* Data shown:
-*-

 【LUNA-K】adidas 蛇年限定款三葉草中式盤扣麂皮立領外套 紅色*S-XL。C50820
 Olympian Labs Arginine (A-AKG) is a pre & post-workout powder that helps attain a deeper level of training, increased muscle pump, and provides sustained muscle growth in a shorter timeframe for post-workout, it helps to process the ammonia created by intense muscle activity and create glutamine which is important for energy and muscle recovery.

-*-

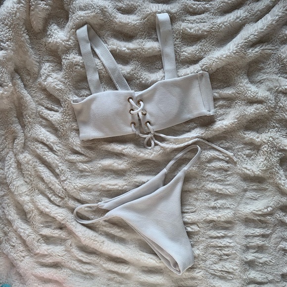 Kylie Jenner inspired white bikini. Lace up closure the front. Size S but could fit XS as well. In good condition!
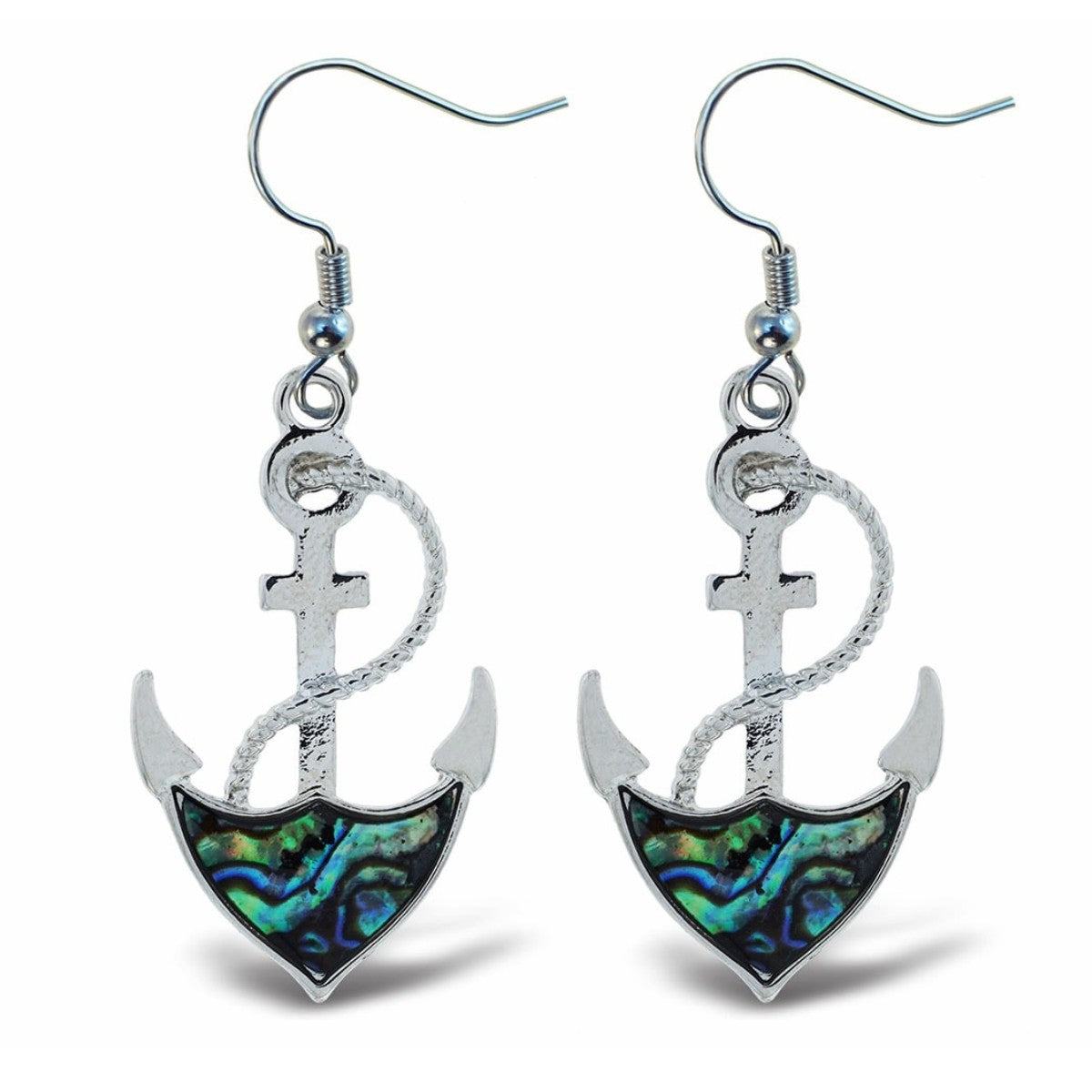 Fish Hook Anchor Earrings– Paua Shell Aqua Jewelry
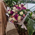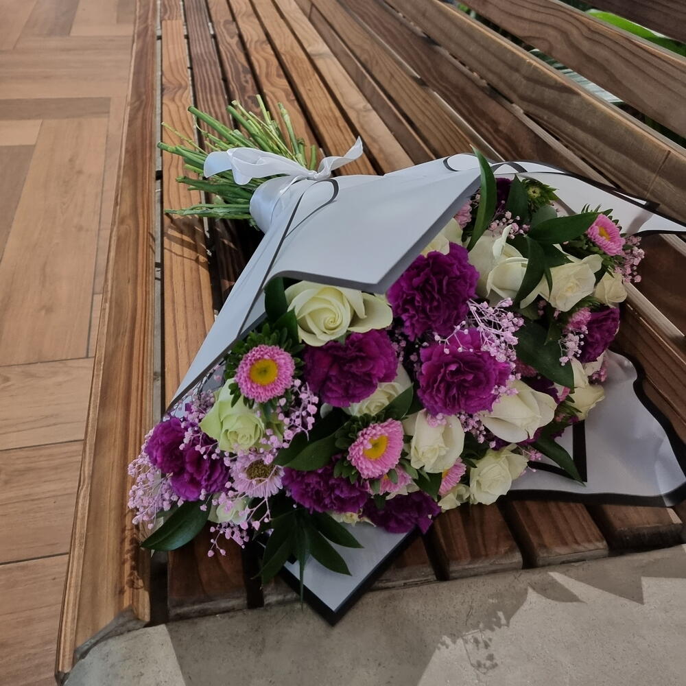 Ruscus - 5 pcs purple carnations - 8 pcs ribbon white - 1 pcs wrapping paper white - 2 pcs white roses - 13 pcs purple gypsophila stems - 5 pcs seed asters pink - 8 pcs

-*-

* Description of the task:
Once the line with "Kylie Jenner inspired" is found above, transcribe each line from it through the line with "Ruscus - 5 pcs", exactly, and omit the pictures.

* Exercise output:
 Kylie Jenner inspired white bikini. Lace up closure the front. Size S but could fit XS as well. In good condition!
 Fish Hook Anchor Earrings– Paua Shell Aqua Jewelry
 Ruscus - 5 pcs purple carnations - 8 pcs ribbon white - 1 pcs wrapping paper white - 2 pcs white roses - 13 pcs purple gypsophila stems - 5 pcs seed asters pink - 8 pcs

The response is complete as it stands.